<<<<
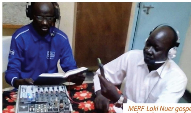
MERF-Loki Nuer gospel broadcast recording

MERF Farsi online gospel media ministries reached more Iranians, Afghans and others with the help of added staff. Of the 22 MERF Arabic
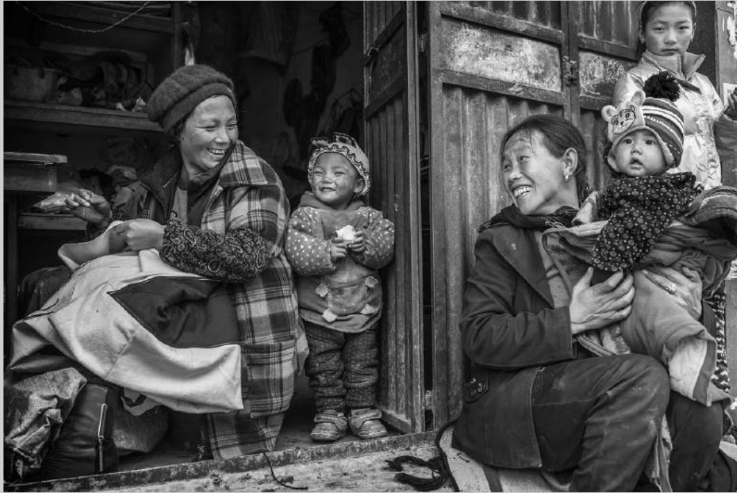
“DALIANGSHAN 33” © YAN LUO 2018 Coachella International Exhibition of Photography Photojournalism Human Interest
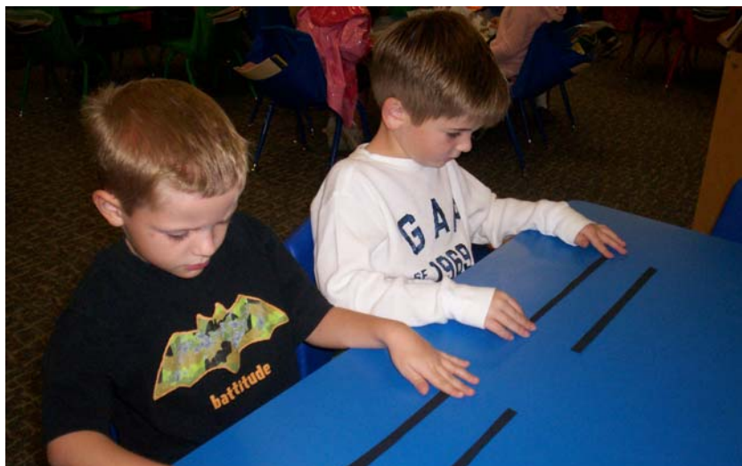
Figure 2. Students position strips of black construction paper to form horizontal lines.

Students then viewed several images of paintings in Mondrian's Composition series and were encouraged to articulate the shapes they saw (squares and rectangles) in his work and how the primary colors (red, blue, and yellow) were used. Students were given an 8.5” X 11” piece of white posterboard, gluesticks, as well as additional strips of black construction paper and were asked to create a work of art in the spirit of Mondrian by placing and then gluing horizontal and vertical strips on their posterboard (figure 3) and then deciding which squares and rectangles they should
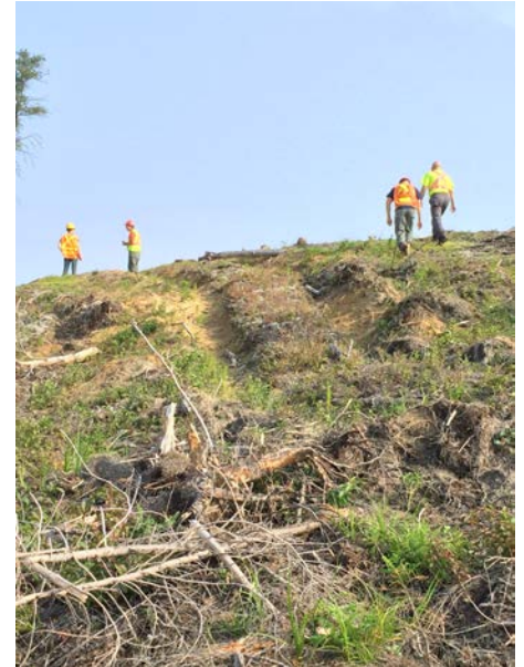
Dryden Forest – IFA field portion 2018
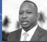
Hon Mike Mbuvi Ssonko Governor Nairobi City Republic of Kenya
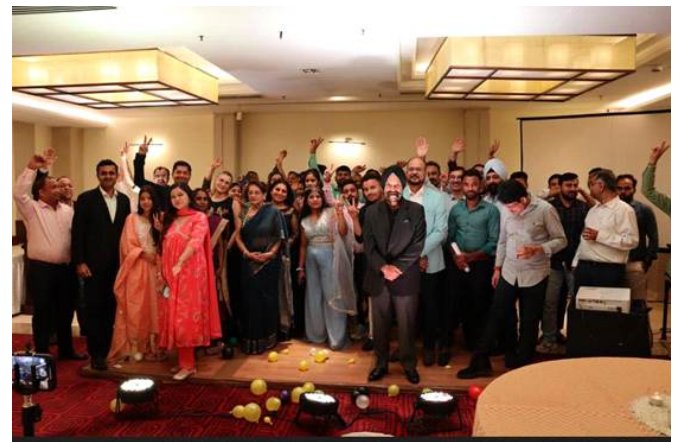
Honouring 50 Years of Excellence of Sara Group!

3rd November 2023 marks a remarkable milestone 50 years of journey – half a century of innovation, hardwork and success. We celebrated this golden anniversary and Diwali celebrations together.
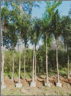
Foxtail Palm Tree Plant
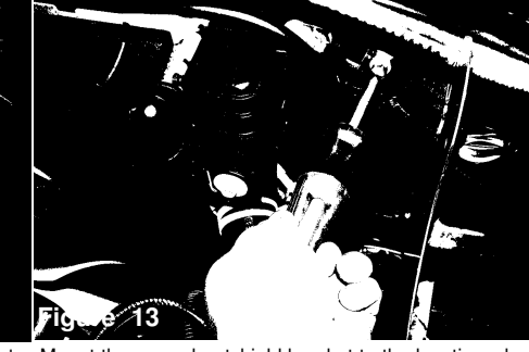
Place the heatshield into position and line up the two lower Place one M6 nut and washer on each stand off stud and holes on the heatshield to the two stand off studs already then secure nuts with a 10mm socket and rachet. on the grommets from figure 9.
>>>>
▸ Try it
Given the listing above, repeat exactly the lines starting at the one with "Hon Mike Mbuvi" and ending at the one with "Foxtail Palm Tree Plant", inclusive, excluding pictures.

▸ Worked solution
Hon Mike Mbuvi Ssonko Governor Nairobi City Republic of Kenya
Honouring 50 Years of Excellence of Sara Group!

3rd November 2023 marks a remarkable milestone 50 years of journey – half a century of innovation, hardwork and success. We celebrated this golden anniversary and Diwali celebrations together.
Foxtail Palm Tree Plant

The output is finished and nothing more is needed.